▶ DATA LISTING

━━━━

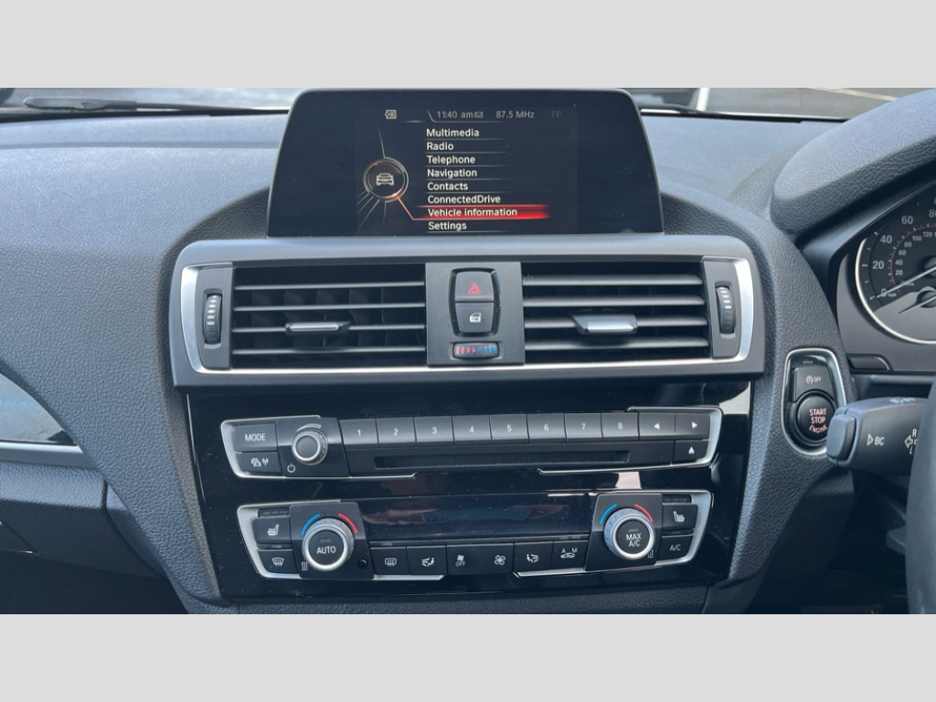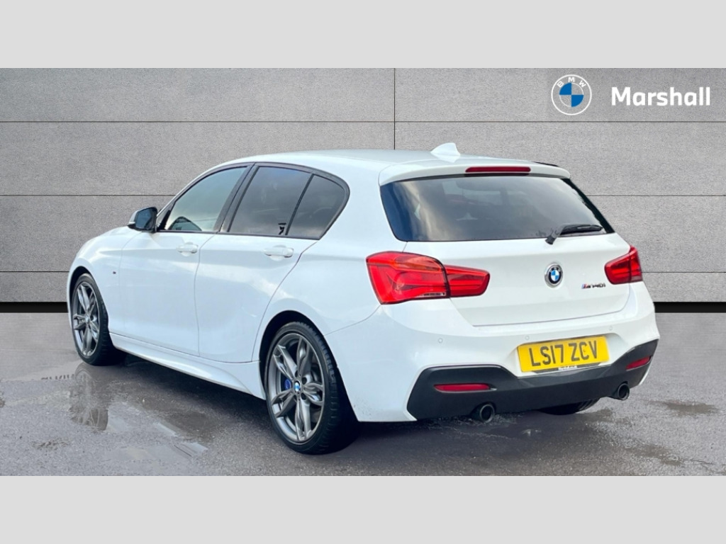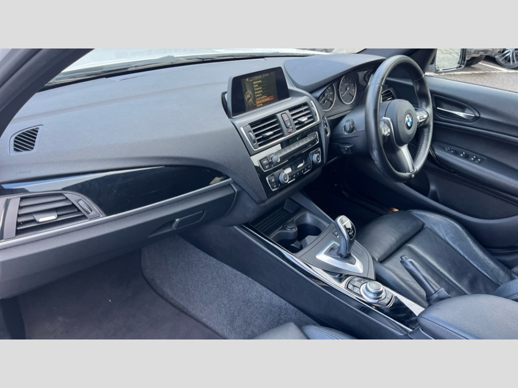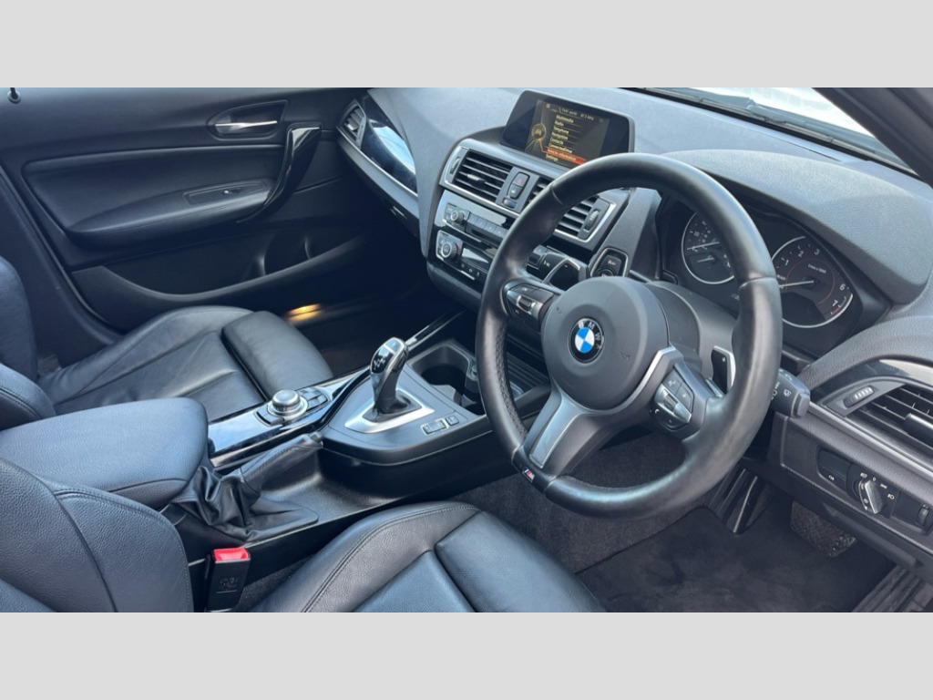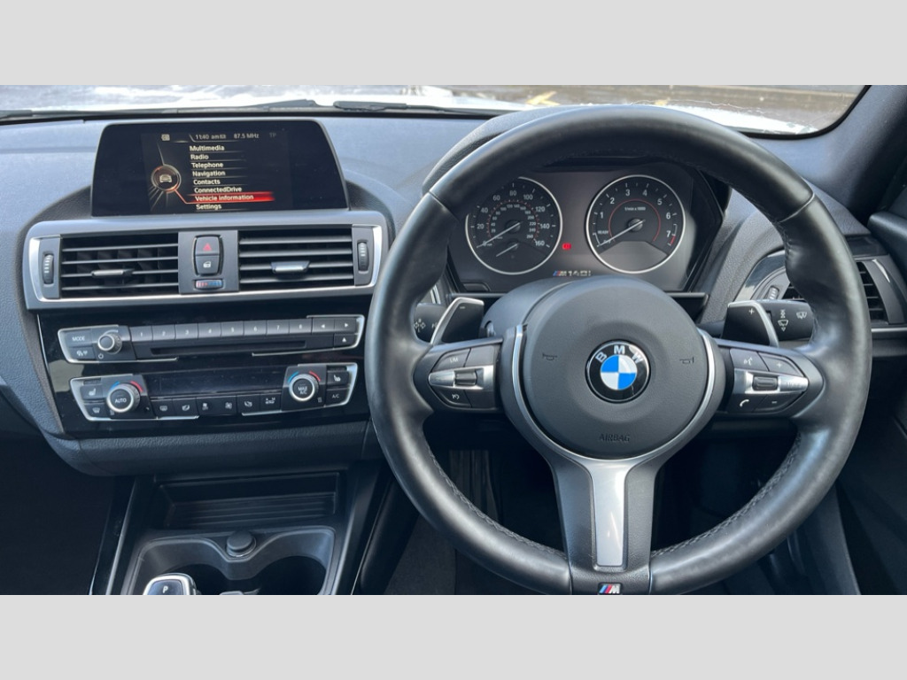 BMW 1 Series M140i 5dr [Nav] Step Auto 'Lights On' Reminder warning buzzer, BMW Online services, BMW Teleservices, Brake force display, Engine start/stop button, Oil level indicator, On board computer, On board diagnostics, Outside temperature display, Service interval indicator, Speed limiter, Variable sport steering, Drive Performance Control, Sports function on gearbox with steering wheel mounted gearshift paddles, Auxiliary point for auxiliary devices, BMW professional radio with CD player, DAB Digital radio, Auto dimming rear view mirror, Body colour bumpers, Body colour door handles, Chrome kidney grille with black vertical slats, Dark chrome plated exhaust tailpipes, Electric front windows + one touch + anti-pinch, Electrically adjustable door mirrors, Ferric grey mirror caps, Follow me home headlights, Green tinted heat insulating glass, Heated door mirrors, Heated windscreen washer jets, M aerodynamic bodystyling, Rain sensor including auto headlights activation, Rear wash/wipe, Welcome lighting, 12V power socket in centre console, 12V power socket in passenger footwell, 4 grab handles, 60/40 split rear seats, Anthracite Velour floor mats, Dakota leather upholstery, Door armrests, Driver/passenger sunvisors with ticket holders, Folding rear seat head rests, Front folding/sliding centre armrest with storage, Front head restraints, Front sports seats with electric side bolster adjustment, Front/rear courtesy lights with soft on/off dimming, Glovebox, Individual anthracite headlining, Isofix rear child seat preparation, Leather gear knob and handbrake grip, Load restraint lashing eyes, M sports leather steering wheel, Multifunction steering wheel with audio controls, Reach + rake adjustable steering column, Storage compartments in doors, Interior comfort pack - 1 Series, ABS/EBD, Automatic Stability Control (ASC), BMW emergency call, Child locks on rear doors, Cornering brake control (CBC), Crash sensor, Driver/Passenger airbags (Impact dependent), Drivers knee airbag, DSC+, Dynamic brake control, Dynamic Traction Control - DTC, Front passenger airbag deactivation, Front side airbags, Hill start assist, ITS head airbags for front/rear, M Sport braking system, Pyrotechnically pre-tensioned front seatbelts, Seat belt force limiter, Three 3 point rear seatbelts, Tyre pressure monitor, Warning triangle and first aid kit, Automatic drive away locking facility, Electronic immobiliser, Remote central locking, Thatcham Cat.1 alarm, 18" light alloy wheels - M Double spoke style 436M
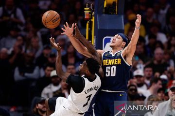 Pebasket Minnesota Timberwolves Anthony Edwards (1) berebut bola dengan pebasket Denver Nuggets Aaron Gordon (50) dalam pertandingan Playoffs NBA di Ball Arena, Denver, Colorado, Amerika Serikat, Kamis (20/4/2023). Denver Nuggets berhasil mengalahkan Minnesota Timberwolves 122-113. ANTARA FOTO/USA TODAY Sports via Reuters/Isaiah J. Downing/nym.
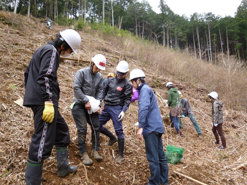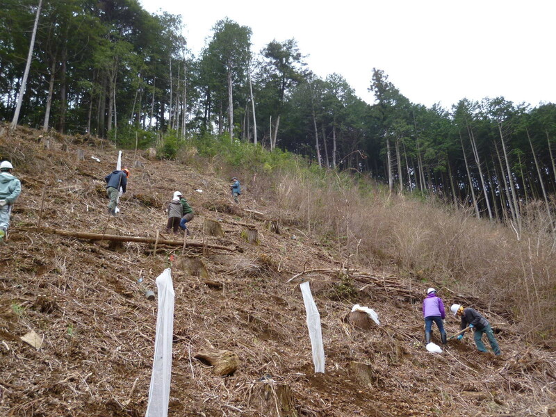 伐採後そのままとなっていた山林でクルミなど50本の木を植えます!
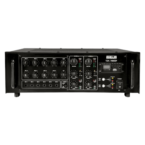 The Ahuja TZA-7000DP is a high-performance digital PA amplifier with a maximum power output of 700 watts. It features advanced connectivity options and advanced digital features such as a built-in limiter and protection circuitry, making it an ideal choice for professional audio applications.
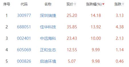 其中,深圳瑞捷、佳华科技、中远海科、正和生态、启迪环境(维权)位列板块涨幅前五位,涨幅分别为14.18%、13.92%、10.00%、9.99%、9.98%。
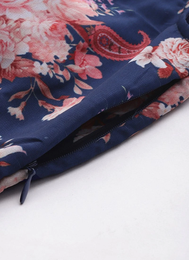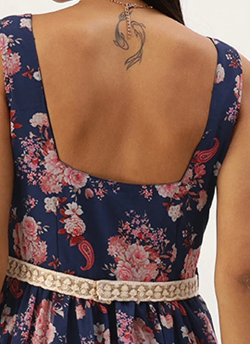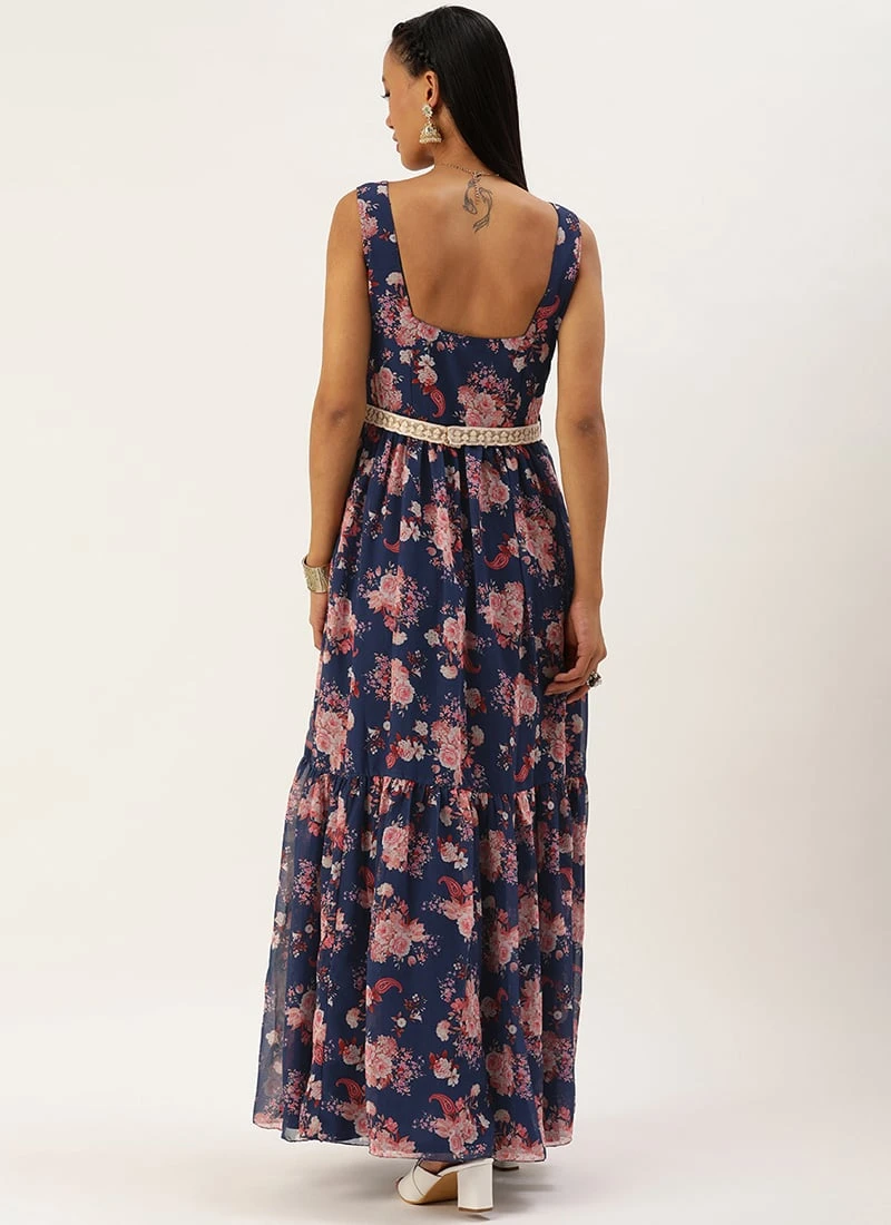 Blue Georgette Digital Printed Tiered Dress Festive Wear
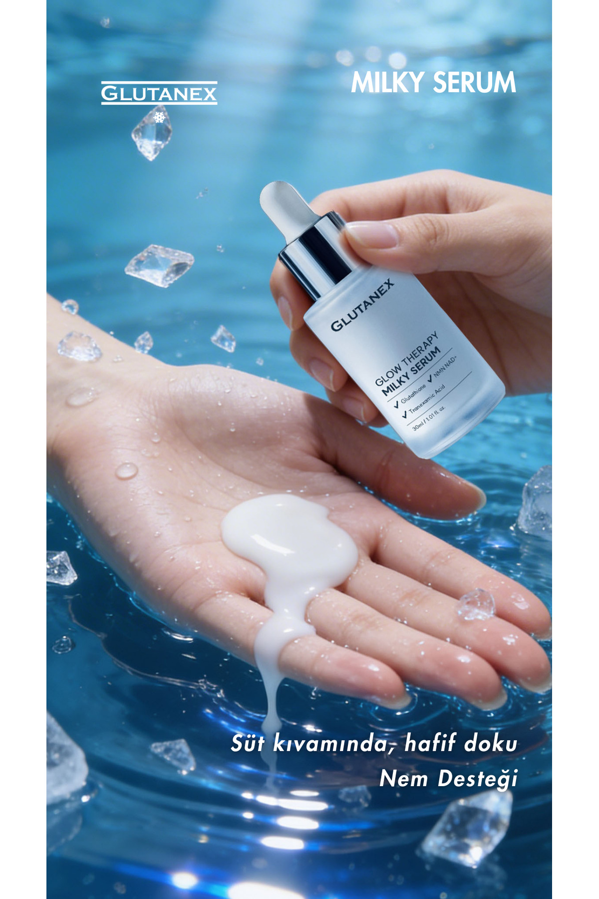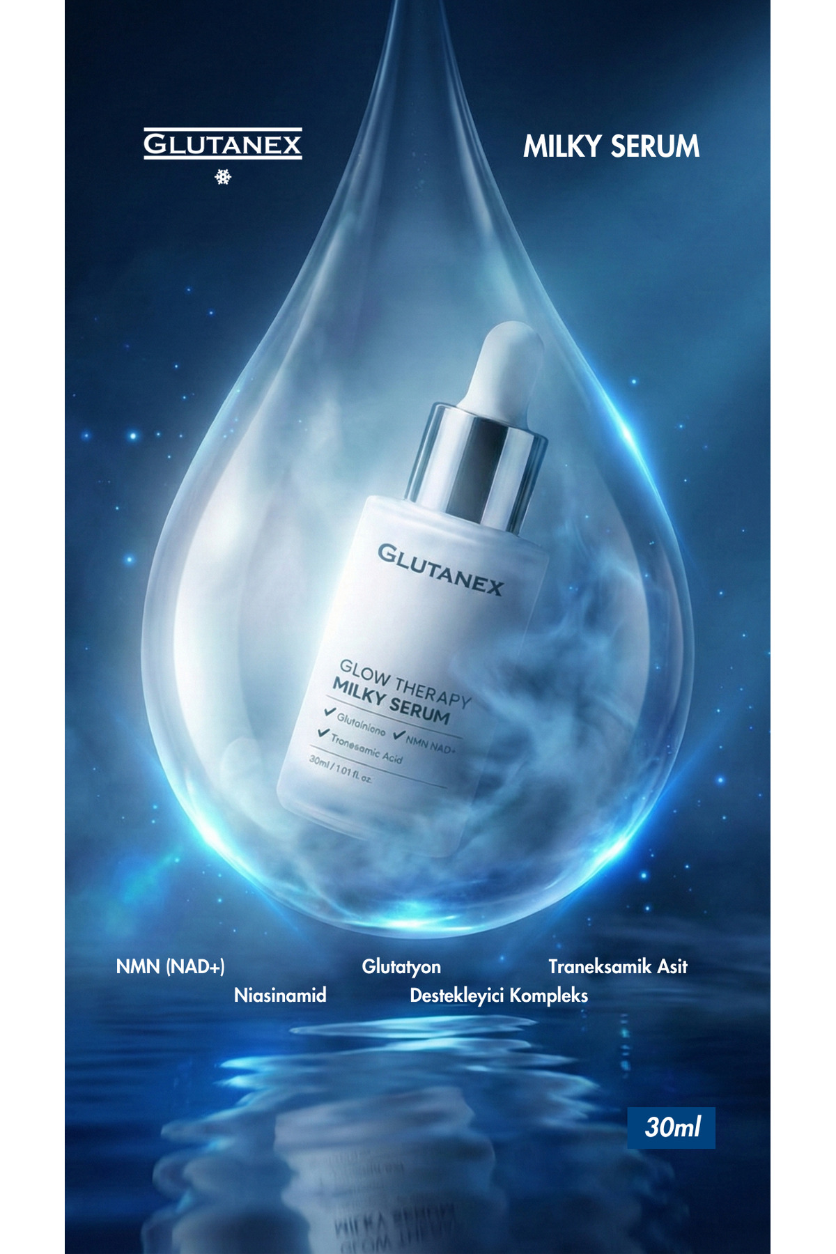 GLUTANEX Glow Therapy Milky Serum 30 ml – Glutatyon NMN NAD+ Traneksamik Asit İçeren Aydınlatıcı Serum ürünü ucuz fiyat, hızlı kargo imkanı ile hemen sitemizden sipariş verin.

━━━━

▶ WHAT IS REQUIRED
The records above are to be transcribed exactly, with every picture left out.

▶ YOUR RESPONSE
 BMW 1 Series M140i 5dr [Nav] Step Auto 'Lights On' Reminder warning buzzer, BMW Online services, BMW Teleservices, Brake force display, Engine start/stop button, Oil level indicator, On board computer, On board diagnostics, Outside temperature display, Service interval indicator, Speed limiter, Variable sport steering, Drive Performance Control, Sports function on gearbox with steering wheel mounted gearshift paddles, Auxiliary point for auxiliary devices, BMW professional radio with CD player, DAB Digital radio, Auto dimming rear view mirror, Body colour bumpers, Body colour door handles, Chrome kidney grille with black vertical slats, Dark chrome plated exhaust tailpipes, Electric front windows + one touch + anti-pinch, Electrically adjustable door mirrors, Ferric grey mirror caps, Follow me home headlights, Green tinted heat insulating glass, Heated door mirrors, Heated windscreen washer jets, M aerodynamic bodystyling, Rain sensor including auto headlights activation, Rear wash/wipe, Welcome lighting, 12V power socket in centre console, 12V power socket in passenger footwell, 4 grab handles, 60/40 split rear seats, Anthracite Velour floor mats, Dakota leather upholstery, Door armrests, Driver/passenger sunvisors with ticket holders, Folding rear seat head rests, Front folding/sliding centre armrest with storage, Front head restraints, Front sports seats with electric side bolster adjustment, Front/rear courtesy lights with soft on/off dimming, Glovebox, Individual anthracite headlining, Isofix rear child seat preparation, Leather gear knob and handbrake grip, Load restraint lashing eyes, M sports leather steering wheel, Multifunction steering wheel with audio controls, Reach + rake adjustable steering column, Storage compartments in doors, Interior comfort pack - 1 Series, ABS/EBD, Automatic Stability Control (ASC), BMW emergency call, Child locks on rear doors, Cornering brake control (CBC), Crash sensor, Driver/Passenger airbags (Impact dependent), Drivers knee airbag, DSC+, Dynamic brake control, Dynamic Traction Control - DTC, Front passenger airbag deactivation, Front side airbags, Hill start assist, ITS head airbags for front/rear, M Sport braking system, Pyrotechnically pre-tensioned front seatbelts, Seat belt force limiter, Three 3 point rear seatbelts, Tyre pressure monitor, Warning triangle and first aid kit, Automatic drive away locking facility, Electronic immobiliser, Remote central locking, Thatcham Cat.1 alarm, 18" light alloy wheels - M Double spoke style 436M
 Pebasket Minnesota Timberwolves Anthony Edwards (1) berebut bola dengan pebasket Denver Nuggets Aaron Gordon (50) dalam pertandingan Playoffs NBA di Ball Arena, Denver, Colorado, Amerika Serikat, Kamis (20/4/2023). Denver Nuggets berhasil mengalahkan Minnesota Timberwolves 122-113. ANTARA FOTO/USA TODAY Sports via Reuters/Isaiah J. Downing/nym.
 伐採後そのままとなっていた山林でクルミなど50本の木を植えます!
 The Ahuja TZA-7000DP is a high-performance digital PA amplifier with a maximum power output of 700 watts. It features advanced connectivity options and advanced digital features such as a built-in limiter and protection circuitry, making it an ideal choice for professional audio applications.
 其中,深圳瑞捷、佳华科技、中远海科、正和生态、启迪环境(维权)位列板块涨幅前五位,涨幅分别为14.18%、13.92%、10.00%、9.99%、9.98%。
 Blue Georgette Digital Printed Tiered Dress Festive Wear
 GLUTANEX Glow Therapy Milky Serum 30 ml – Glutatyon NMN NAD+ Traneksamik Asit İçeren Aydınlatıcı Serum ürünü ucuz fiyat, hızlı kargo imkanı ile hemen sitemizden sipariş verin.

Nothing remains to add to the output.